This is harder, but still testable:
- stable cursor or bookmark semantics
- explicit append-only vs mutable-state behavior
- deletes / tombstones if claimed
- deterministic behavior under replay from a prior checkpoint
3. Semantic extraction correctness
Did the agent actually understand the site well enough to build the right schema and fill it correctly?
This is the weakest guarantee. It can be evaluated, sampled, and monitored, but not "proven" in the same way protocol conformance can be.
The important consequence: PDPP should not treat these three guarantees as one thing.
What the external artifacts suggest
OpenSteer: discovery-first browser automation yields durable local artifacts
OpenSteer's model is "discover, persist useful descriptors, then codify into plain TypeScript." It persists:
- browser workspaces
- saved extraction descriptors
- saved DOM targets / persist keys
- request plans
- captured network traffic
That is highly relevant because it shows a plausible artifact bundle for an agent-assisted connector authoring workflow. What it does not provide is a portable data contract, incremental sync guarantee, or PDPP-style conformance harness for personal-data records.
What is additionally useful:
- it exposes the same core semantics through CLI, SDK, protocol, cloud API, and agent skills
- it ships a dedicated conformance package for that stable automation surface
So OpenSteer is strongest as prior art for:
- multi-surface agent tooling over one core runtime
- persisted authoring artifacts
- black-box conformance cases for a stable public surface
It is still stronger on exploration and authoring than on data-contract truthfulness or incremental collection semantics.
stagehand-connectors: useful verifier pattern, weak conformance story
Kahtaf's repo is the strongest nearby precedent for "agent handles auth and navigation; deterministic code handles extraction." The most useful ideas are:
- per-scope typed outputs
- a two-gate
_verify-loginhook:- preflight can skip warm-session login
- post-login is a hard correctness gate before extraction starts
- coarse capability composition between site skills
What it does not currently provide:
- canonical exported schemas/versioning
- resumable incremental checkpoints
- a live-site conformance suite
- a stable public connector contract beyond its own local JSON envelope
That makes it a strong pattern for private extraction workflow, but not yet for "this is a trustworthy PDPP connector" on its own.
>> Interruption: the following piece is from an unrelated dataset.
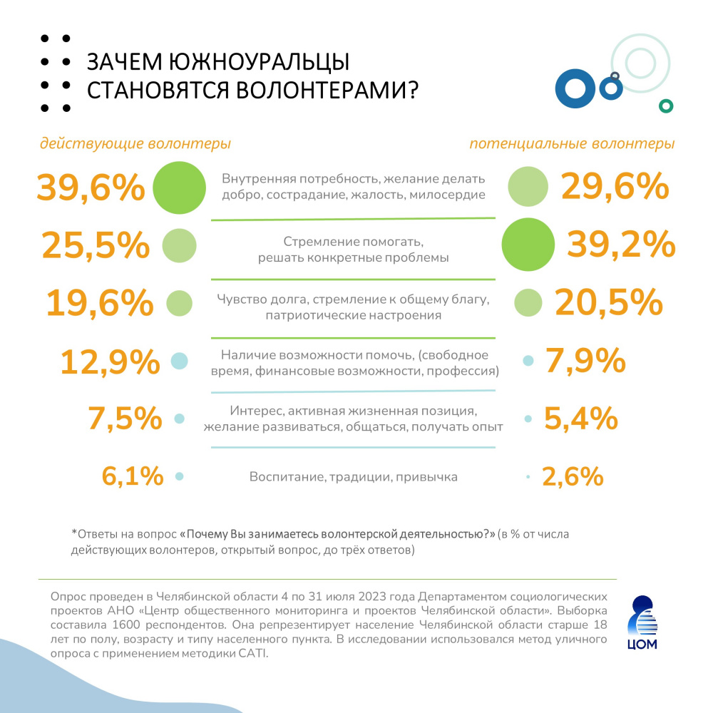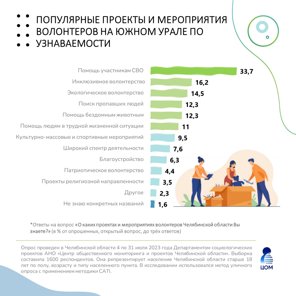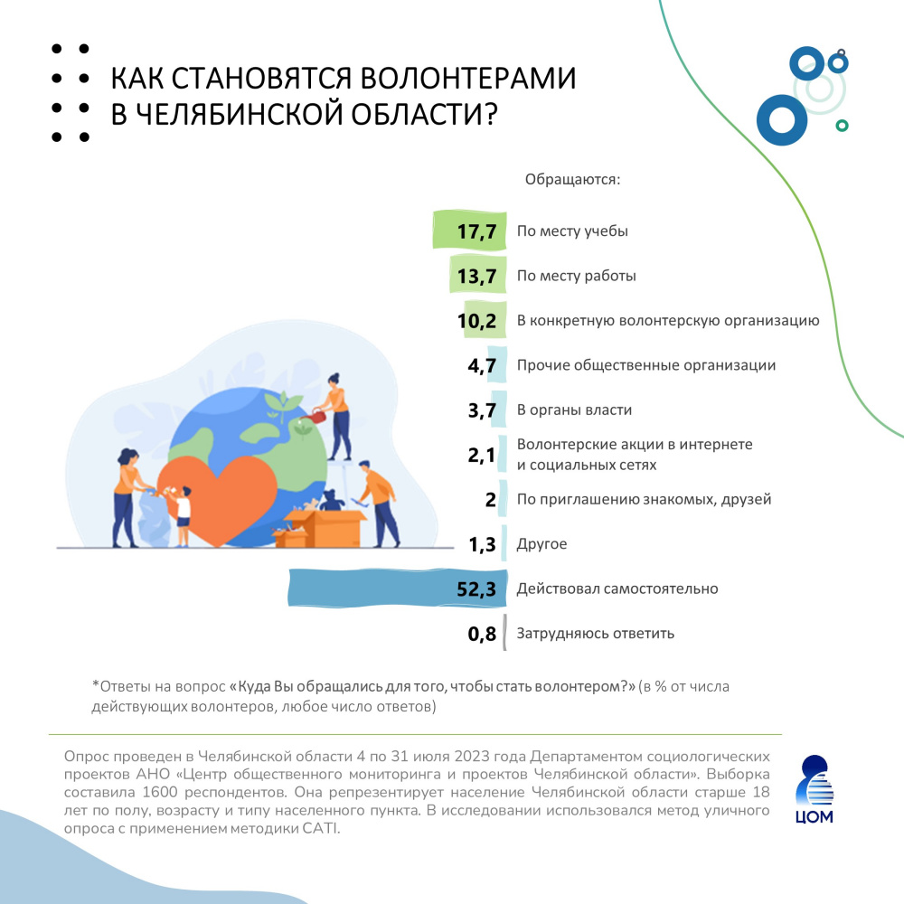 «Среди действующих волонтеров региона существенно больше женщин среднего возраста, работников бюджетной сферы, узнавших о волонтерстве на работе, знающих о волонтерской помощи бездомным животным, об инклюзивном и экологическом волонтерстве, о платформе DOBRO.RU, Челябинском ресурсном центре поддержки добровольчества, конкретных проектах волонтеров региона», — рассказывают после анализа ответов в Центре общественного мониторинга и проектов Челябинской области.

Singer / Meltano, Airbyte, Fivetran: protocol/runtime guarantees can be strong while semantic guarantees stay weaker
These systems converge on the same lesson:
- the runtime can strongly enforce message shape, schemas, state, and sync boundaries
- the platform can help with connector authoring
- but the semantic correctness of a custom connector still depends on the connector logic and source understanding
This is the clearest precedent for a PDPP answer that says:
private generated connectors may be fully protocol-conformant without being semantically equivalent to reviewed published connectors
What PDPP could plausibly support
Tier A — private generated connector
Generated by the user or their agent for one owner's use.
Properties:
- custom schema is allowed
- generic consumers can still inspect, page, filter, and search it if metadata is truthful
- no assumption of cross-user interoperability
- trust level is lower than a reviewed reusable connector
This is the easiest tier to justify first.
Tier B — published reusable connector
Reusable by other owners and clients.
Additional bar:
- stable schema and versioning
- stronger completeness / coverage claims
- broader conformance evidence
- better expectations around upgrade and compatibility
PDPP should not assume a private generated connector automatically graduates to this tier.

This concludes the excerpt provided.